Records from a dataset:
▼

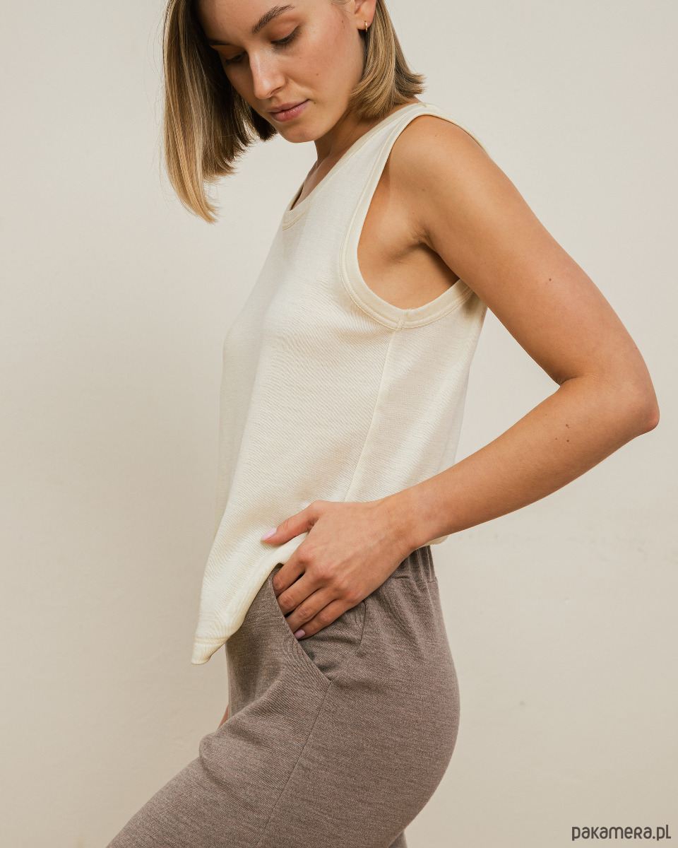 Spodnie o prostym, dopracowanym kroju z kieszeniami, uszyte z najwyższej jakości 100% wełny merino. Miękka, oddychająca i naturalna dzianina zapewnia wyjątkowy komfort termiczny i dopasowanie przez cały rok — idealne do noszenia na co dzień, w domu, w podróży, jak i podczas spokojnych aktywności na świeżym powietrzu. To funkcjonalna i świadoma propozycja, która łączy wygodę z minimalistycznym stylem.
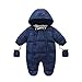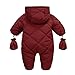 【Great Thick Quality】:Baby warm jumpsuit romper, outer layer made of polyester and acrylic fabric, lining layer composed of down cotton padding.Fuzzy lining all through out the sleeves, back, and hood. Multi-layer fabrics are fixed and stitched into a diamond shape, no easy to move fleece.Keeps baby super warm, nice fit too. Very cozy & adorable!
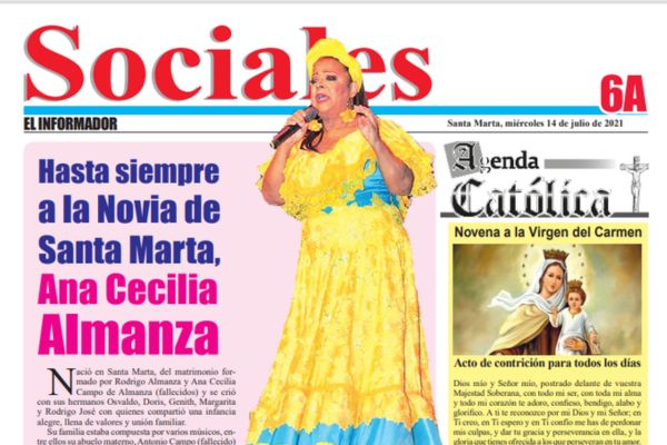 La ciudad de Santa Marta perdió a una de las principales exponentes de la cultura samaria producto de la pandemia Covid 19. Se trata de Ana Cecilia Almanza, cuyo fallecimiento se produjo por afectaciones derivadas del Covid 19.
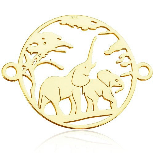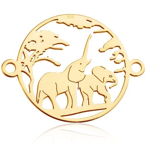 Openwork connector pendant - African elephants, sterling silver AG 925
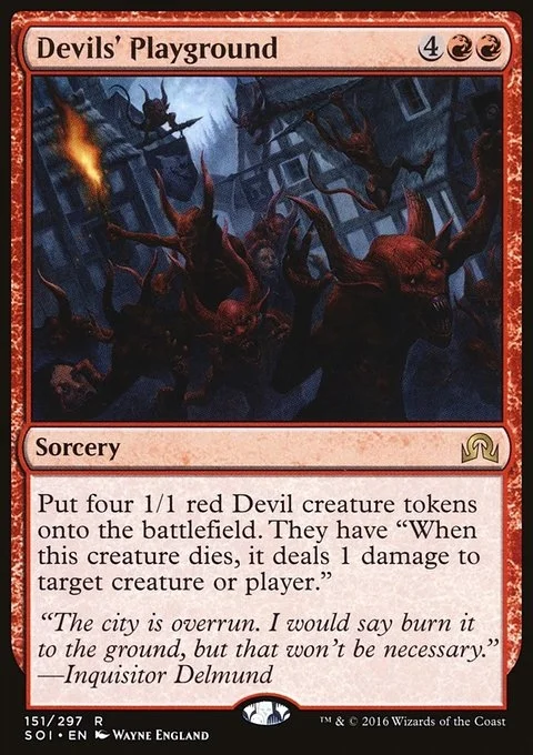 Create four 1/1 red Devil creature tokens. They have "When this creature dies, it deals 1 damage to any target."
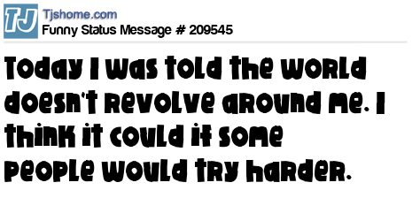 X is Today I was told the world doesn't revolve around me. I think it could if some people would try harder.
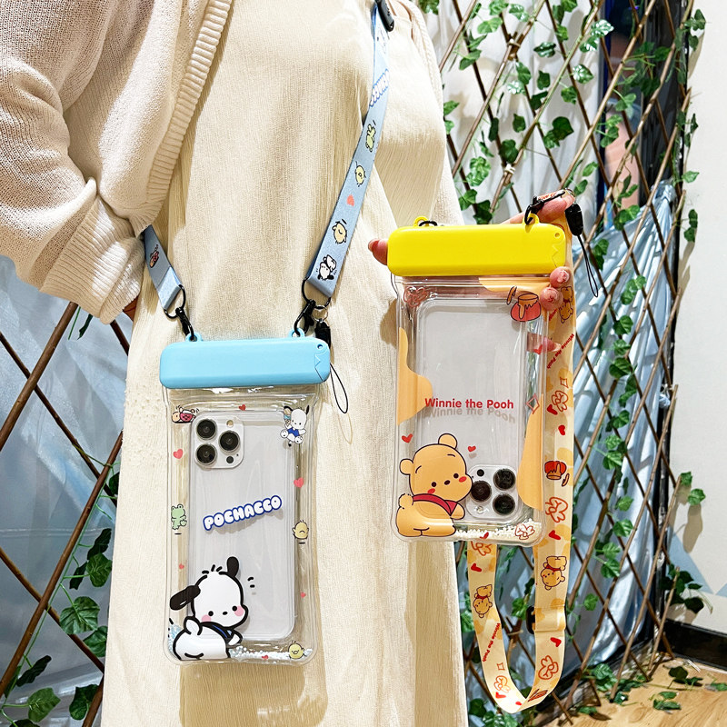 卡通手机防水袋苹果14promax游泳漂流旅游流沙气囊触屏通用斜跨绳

▲

AIM OF THE EXERCISE =
Copy every line of the data exactly as written, excluding the pictures.

OUTPUT BELOW =
 Spodnie o prostym, dopracowanym kroju z kieszeniami, uszyte z najwyższej jakości 100% wełny merino. Miękka, oddychająca i naturalna dzianina zapewnia wyjątkowy komfort termiczny i dopasowanie przez cały rok — idealne do noszenia na co dzień, w domu, w podróży, jak i podczas spokojnych aktywności na świeżym powietrzu. To funkcjonalna i świadoma propozycja, która łączy wygodę z minimalistycznym stylem.
 【Great Thick Quality】:Baby warm jumpsuit romper, outer layer made of polyester and acrylic fabric, lining layer composed of down cotton padding.Fuzzy lining all through out the sleeves, back, and hood. Multi-layer fabrics are fixed and stitched into a diamond shape, no easy to move fleece.Keeps baby super warm, nice fit too. Very cozy & adorable!
 La ciudad de Santa Marta perdió a una de las principales exponentes de la cultura samaria producto de la pandemia Covid 19. Se trata de Ana Cecilia Almanza, cuyo fallecimiento se produjo por afectaciones derivadas del Covid 19.
 Openwork connector pendant - African elephants, sterling silver AG 925
 Create four 1/1 red Devil creature tokens. They have "When this creature dies, it deals 1 damage to any target."
 X is Today I was told the world doesn't revolve around me. I think it could if some people would try harder.
 卡通手机防水袋苹果14promax游泳漂流旅游流沙气囊触屏通用斜跨绳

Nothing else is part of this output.